Based on input from over 50 organisations and individuals from the UK, Sub-Saharan Africa and South Asia, the report collects and analyses critical evidence on the direct and indirect impact of the virus, across a wide range of SDGs.
For example, the report cites World Health Organisation evidence that at least 80 million children under the age of one are at risk of missing out on routine vaccinations for diseases such as diphtheria, measles and polio, threatening progress on SDG 3 Health and Wellbeing.
SDG 5 Gender Equality is also in the balance, with estimates by the United Nations Population Fund (UNFPA) showing that domestic violence has increased globally by 20%.
A wide range of ongoing commitments and other crises are at risk of being deprioritised due to the pandemic response, including those related to climate change, biodiversity loss or conflict. At the same time, lower-income and fragile countries and communities continue to face a host of challenges that require meaningful support and partnership from the international community.
Many poor farmers and workers…have already been forced to abandon their fields and migrate. Climate-related risks to livelihoods are predicted to rise rapidly and, coupled with the impacts of the COVID-19 crisis, the scale of the challenge facing producers on the front line is stark.
Fairtrade Foundation, Written Evidence
The report also provides a list of essential, evidence-based recommendations for the UK government, for specific SDGs and the agenda as a whole, chief among them the requirement to adopt the SDGs as an explicit roadmap for recovery from the Covid-19 pandemic. Other recommendations address the way forward for economies and livelihoods, climate action, peace and justice, international cooperation and aid, and collaboration with civil society.

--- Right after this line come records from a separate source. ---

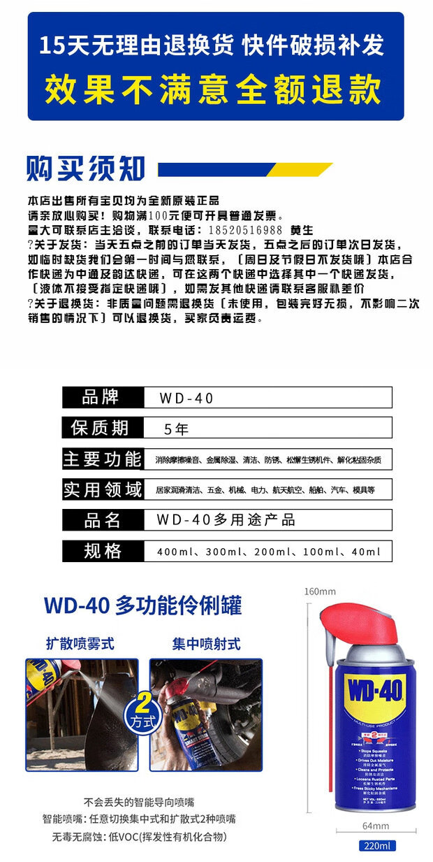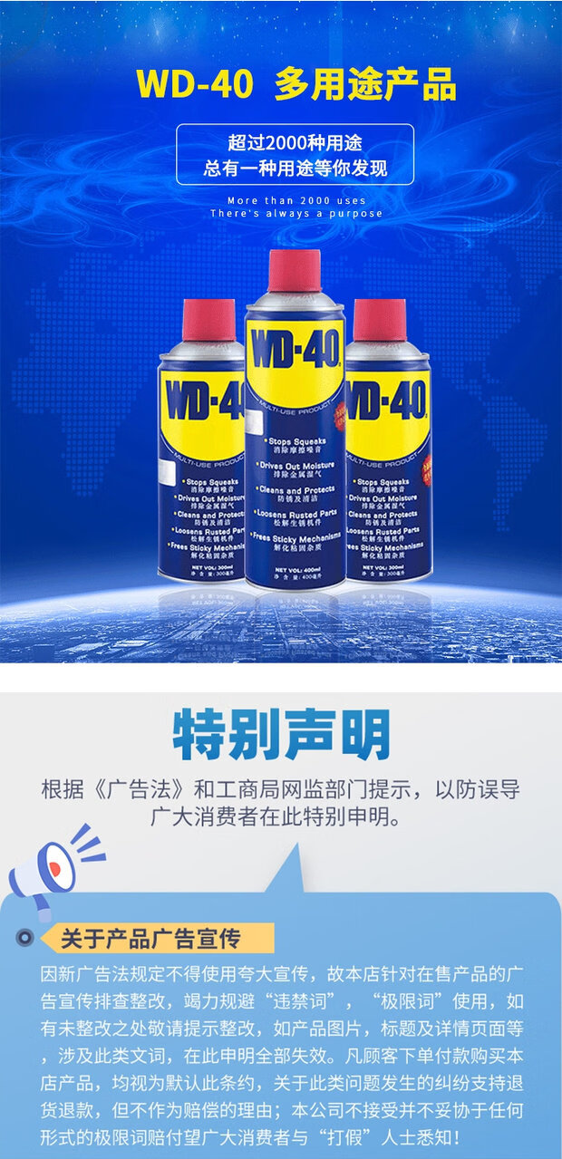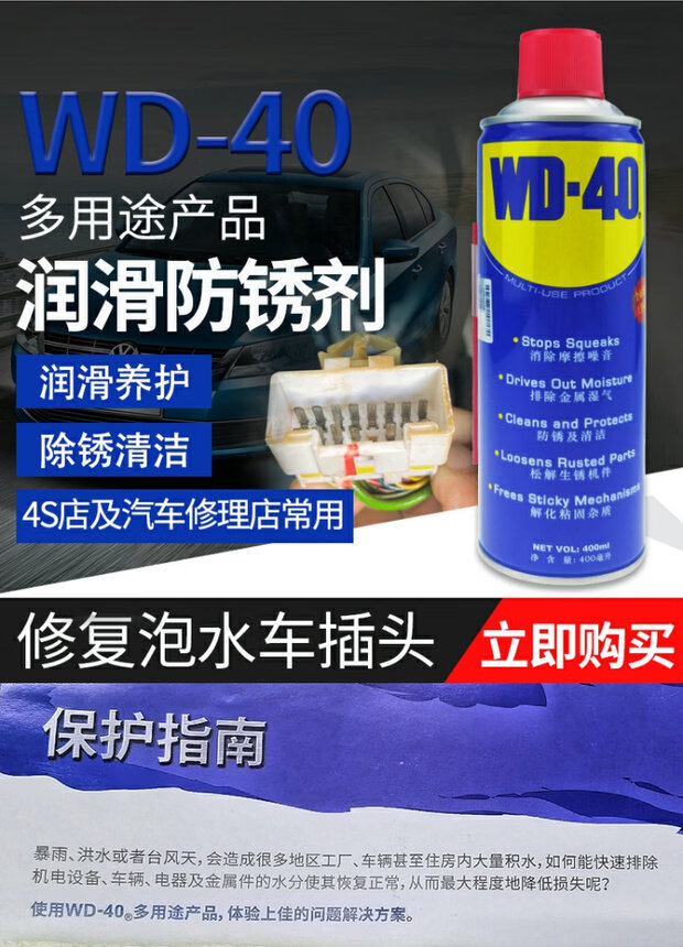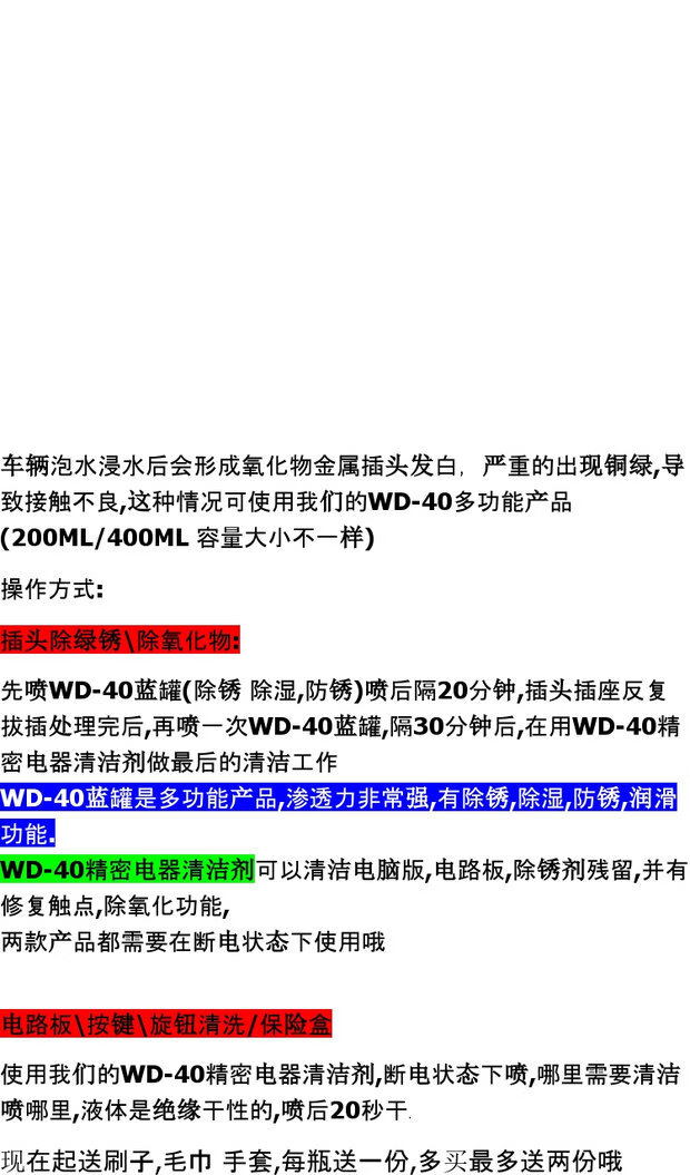 Imported from the United States, water-soaked car plug wire cleaning oxide copper-green rust removal rust-preventive agent WD-40_400ML+_Cleaning agent ()
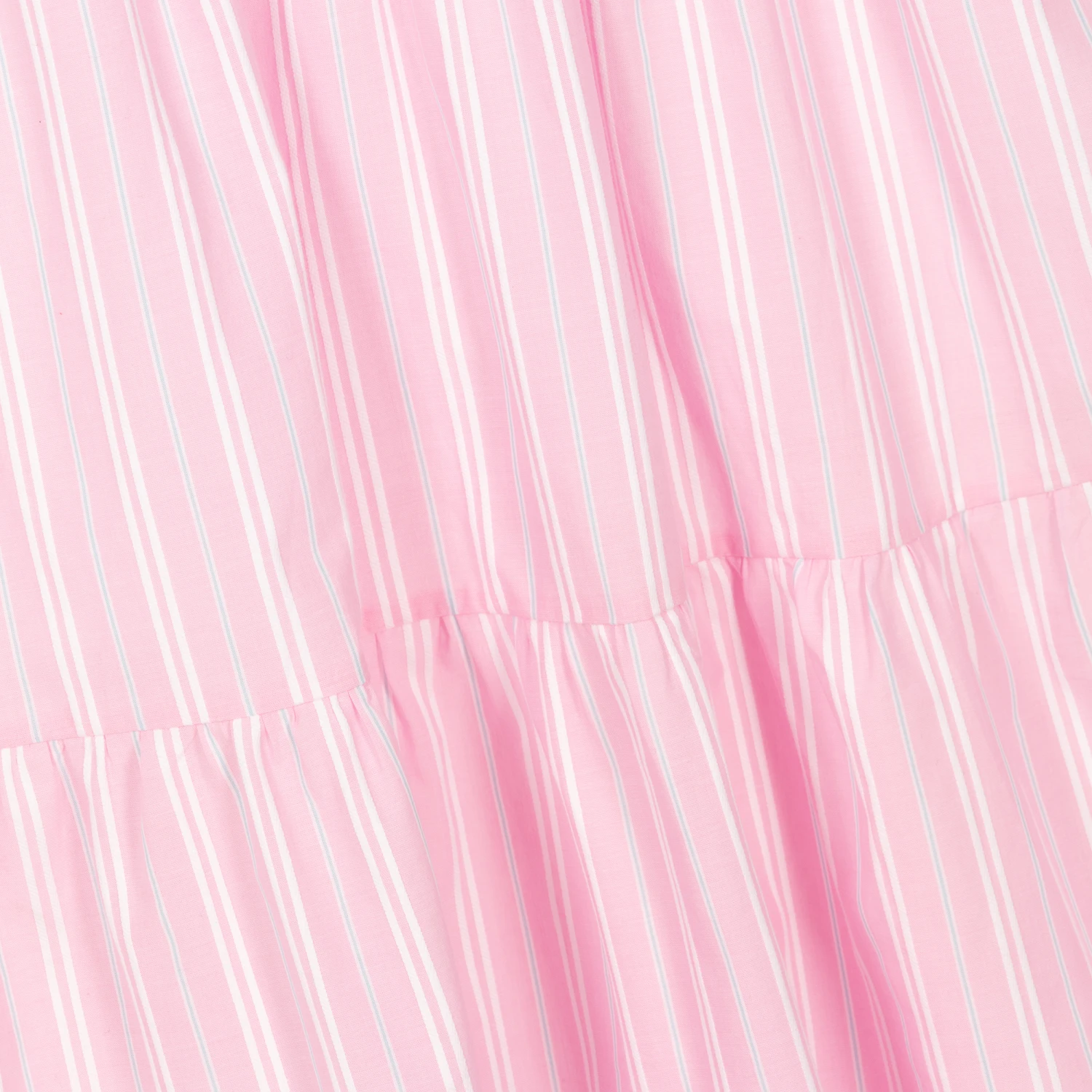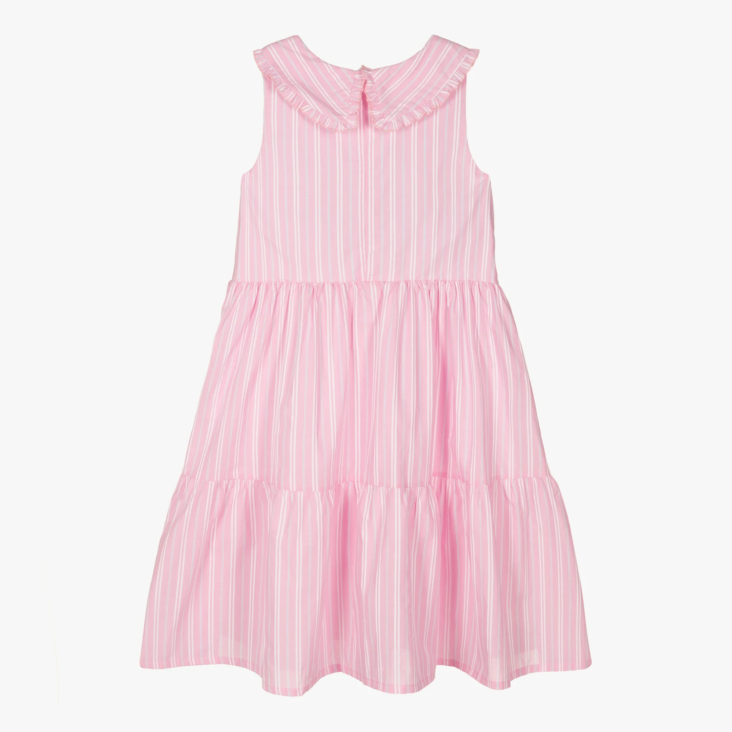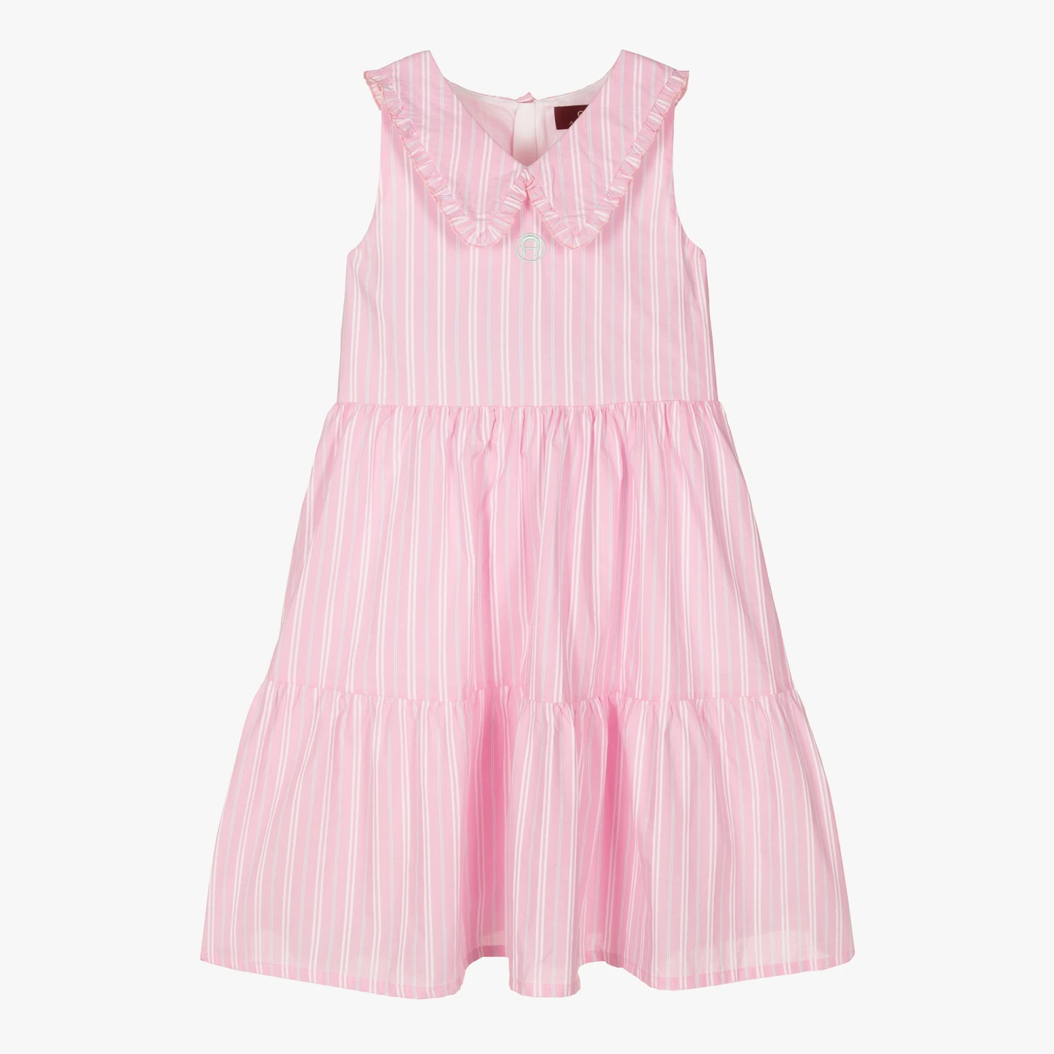 Stylish pink and white striped shirt dress for teen girls by German designer AIGNER. Woven in lightweight cotton poplin, it has a mint green signature ‘A’ horseshoe embroidered on the chest for a branded look. It has an oversized, pointed collar with ruffle trim and a tiered skirt for an on-trend look. It fastens seamlessly with a concealed zip on the back and has a lightweight voile lining for comfortable wear.
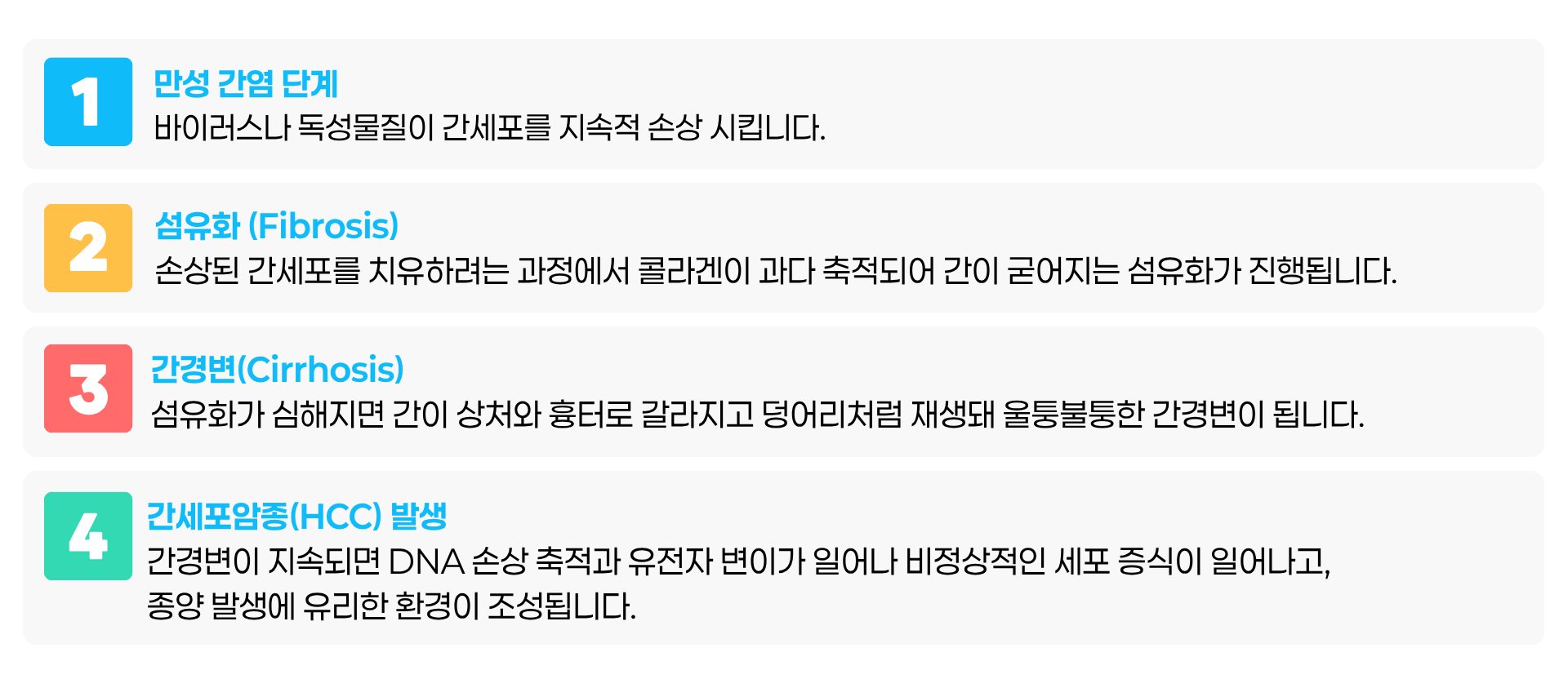 간은 병이 진행돼도 증상이 뚜렷하지 않아, 정기적인 혈액·초음파 검사가 필요합니다.

If the UK Government really wants systemic change they need to engage with civil society. We are more accountable to our people, we are being held accountable by everybody…We need to prepare our people to hold our governments accountable.
Zia ur Rehman, AwazCDS-Pakistan
The upcoming UN Summit provides a critical space for governments to re-commit to the SDGs as the framework for recovery, and to strengthen international collaboration at a time when it is so vitally needed.
This APPG report has provided the next steps required for the UK government to shift from rhetoric to action, in 2020 and beyond.